北網圏北見文化文化センターにあるサハリン・気屯標本

東京大学解剖学教室にある歌登標本

 デスモスチルスは現在のどの哺乳動物とも似ているようで似ていない。上下の門歯(4本)は長く牙となっている。この牙で水草を掘り起こして食べていたのだろうか。発見当初から注目されていた円柱を束ねたような独特の臼歯()は名前(デスモスチルス)の由来となった(それ故束歯獣−タバハジュウ−と呼ばれる)。
 サイに似た肩胛骨、マストドン(古い型のゾウ)やバクに似た頭部。極めて特異な腕骨や骨等哺乳類中特殊で類がない(鹿間、1979)。有蹄類、長鼻類、カイギュウ類いずれにも属さず、束柱類という独立した目に分類されている。

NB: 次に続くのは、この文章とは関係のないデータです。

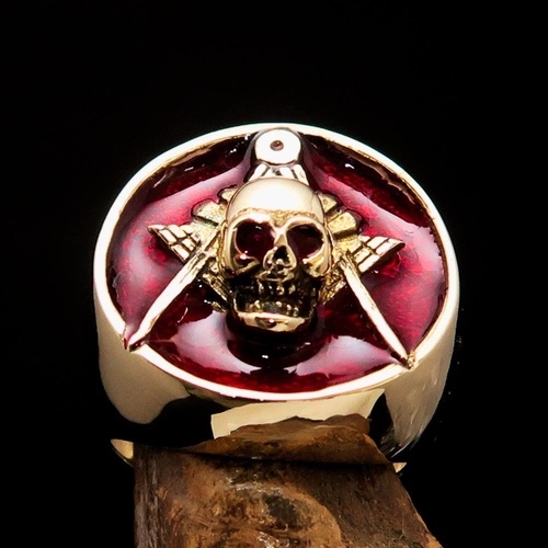 Solid Brass Men’s Masonic Skull Ring. High polished with red Enamel.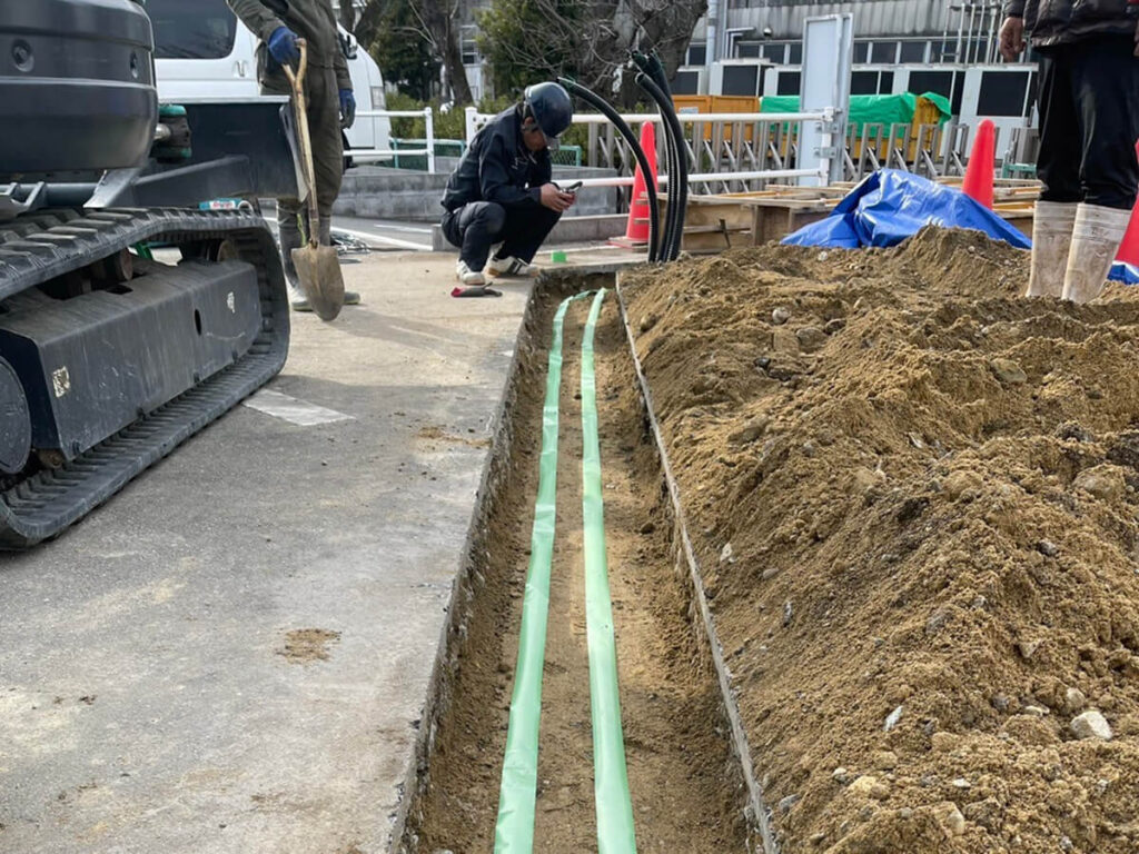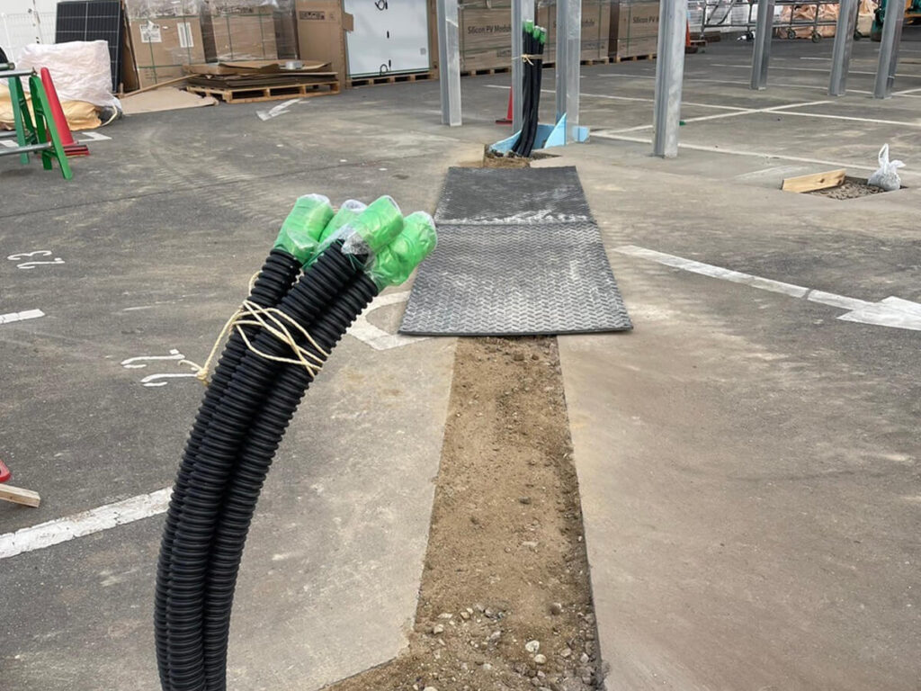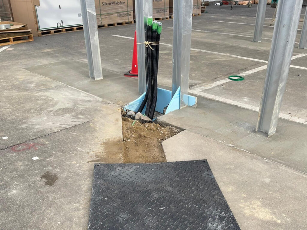 - 既設アスファルトを掘削、撤去し、PVケーブル、アース線を埋設配管にて配線
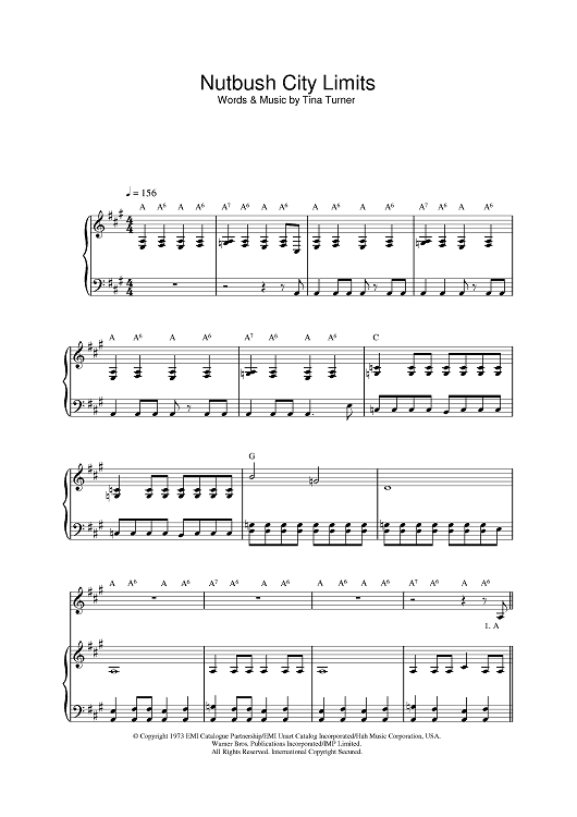 Digital Sheet Music for Nutbush City Limits by Tina Turner, Ike & Tina Turner scored for Piano/Vocal/Chords; id:386440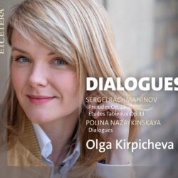 Il programma di questo originale e seducente cd – il primo di Olga – nasce dalla fascinazione che la pianista ha sempre avuto per Rachmaninov e per la sua visione poetica del mondo. Assieme ai suoi Dieci Preludi op. 23 ed agli Études-Tableaux op. 33, Olga presenta i Dialogues (… with myself), una partitura facile all’inizio ma via via più complessa che la sua amica Polina ha scritto su commissione della pianista «ispirandosi allo stile ed al linguaggio musicale di Rachmaninov, ed alle tonalità lussureggianti di cui il compositore ha fatto uso per esprimere la profondità delle sue emozioni».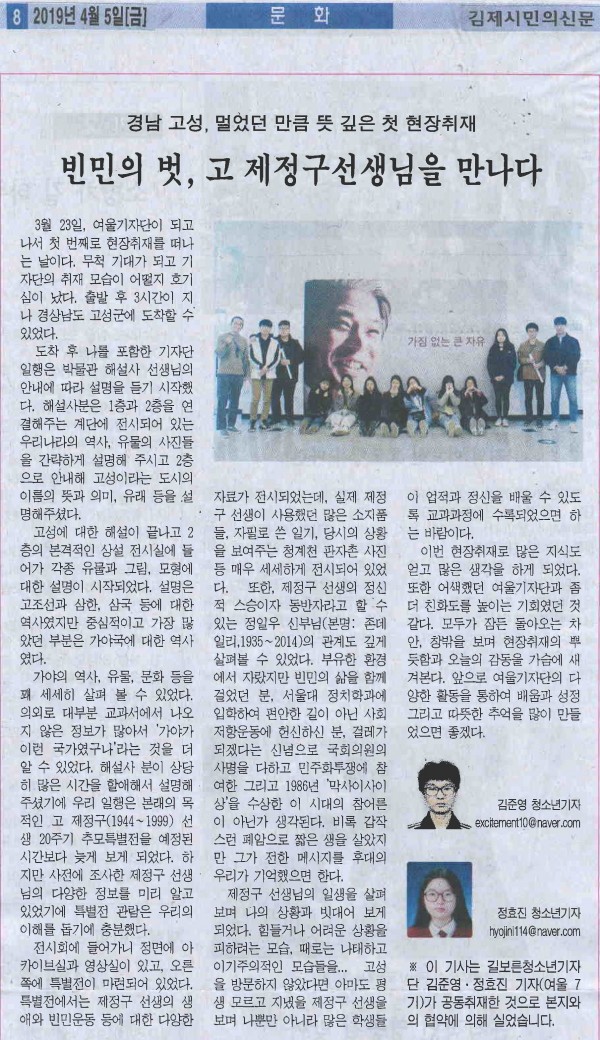빈민의 벗, 제정구 선생 탐방기행 페이지 정보 작성자 문대광 댓글 0건 조회 10,062회 작성일 19-04-10 10:33 본문 김제시민의신문, 보도자료 목록 이전글길보른청소년기자단-여울8기 전문화교육 20.10.12 다음글27번째 현장취재탐방-3 19.03.28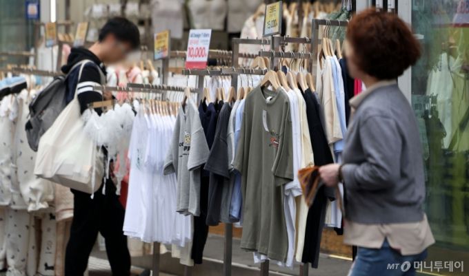 고물가에 위축된 소비자들은 의류부터 소비를 줄였다. 지난달 통계청 가계동향조사 결과에 따르면 지난 1분기 가구당 월평균 소비지출(295만원) 중 의류·신발 지출은 전년 같은 기간보다 4.7% 감소한 12만1000원이었다. 가구당 월평균 '직물 및 외의' 소비는 지난해 3분기(-3.3%)부터 올해 1분기(-5.3%)까지 3개 분기 연속 감소세를 보였다. 부진한 경기 변수와 더불어 이상기후의 영향도 작용한 것으로 분석된다.

津山骨格のレプリカ−島根大学山陰地域研究総合センター展示室

 岐阜県からは1950年に、デスモスチルスのなかまでより原始的なパレオパラドキシア Paleoparadoxia tabatai が見つかっている(幼体)。発見者は岐阜市立多治見高校の2年生だという。そして1964年にはアメリカのスタンフォード大学原子核研究所の工事現場で成体の骨格が発見された。

 1982年には岡山県津山市の中学3年生が一人で10日ほどかけて100個近くの化石を収集した。この少年は自ら図鑑を調べてパレオパラドキシアかもしれないと見当を付けていた。駆けつけた犬塚則久氏により復元された骨格が津山郷土博物館に展示されている。やはりデスモスチルスのように四肢が体の側方に強く張り出し、腹部を擦るように姿勢を低くしている。おそらく同じような生活をしていたと思われる。

 デスモスチルスと同様な臼歯を持つパレオパラドキシアは長野から広島に至る地域から産出している。全身骨格はアメリカの1体を含めて5体である。体長1.8m前後で、デスモスチルスと共に束柱類を構成している。